Design/methodology/approach
The study uses the primary data and information collected from 300 Indian retail equity investors using a nonprobability sampling technique, specifically purposive and snowball sampling. This research uses the insights from Phuoc Luong and Thi Thu Ha (2011) and Shefrin (2002) to delineate behavioral factors influencing investment decisions. Structural equation modeling estimates the causal relationship between underlying behavioral factors and investment decisions during the COVID-19-induced financial risks.
Findings
The study establishes that the “Regret Aversion,” “Gambler’s Fallacy” and “Greed” significantly influence investment decisions, and provide a comprehensive understanding of how psychological motivations shape investor behavior. Notably, “Mental Accounting” and “Conservatism” exhibit insignificance, possibly influenced by the unique socioeconomic context of the pandemic. The research contributes to 35% of variance understanding and prompts the researchers and policymakers to tailor investment strategies aligned to these behavioral tendencies.
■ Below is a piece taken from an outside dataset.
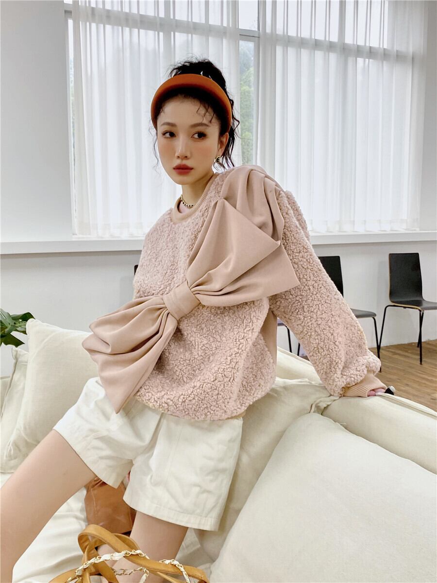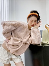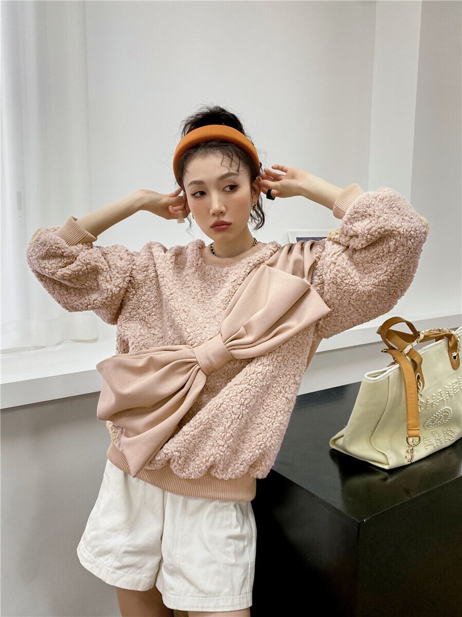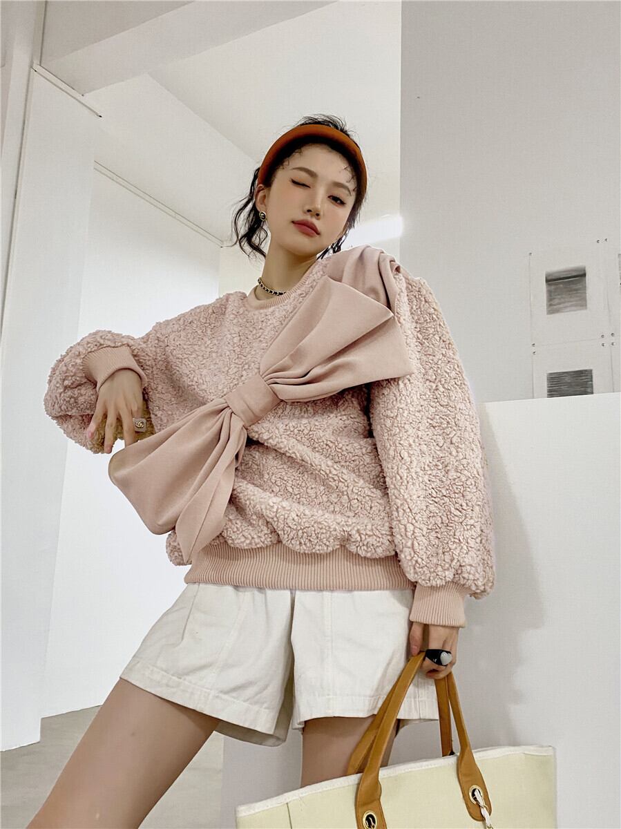 プルオーバー カジュアルジャケット レディースウールラウンドネックルーズ秋物ウィンター リボン オータム 冬物 Oネック GroundMODE233038344030 | pleglad Ground

Research limitations/implications
The findings hold policy implications for investors and policymakers and provide tailored recommendations including investor education programs and regulatory measures to ensure a resilient and informed investment community in the context of India's evolving financial landscapes.
Originality/value
Theoretically, behavior tendencies and motivations have been strongly linked to investment decisions in the stock market. Yet, empirical evidence on this relationship is limited in developing countries where investors focus on risk management. To the best of the authors’ knowledge, this study is among the first to document the influence of underlying behavioral tendencies and motivation factors on investment decisions regarding retail equity in a developing country.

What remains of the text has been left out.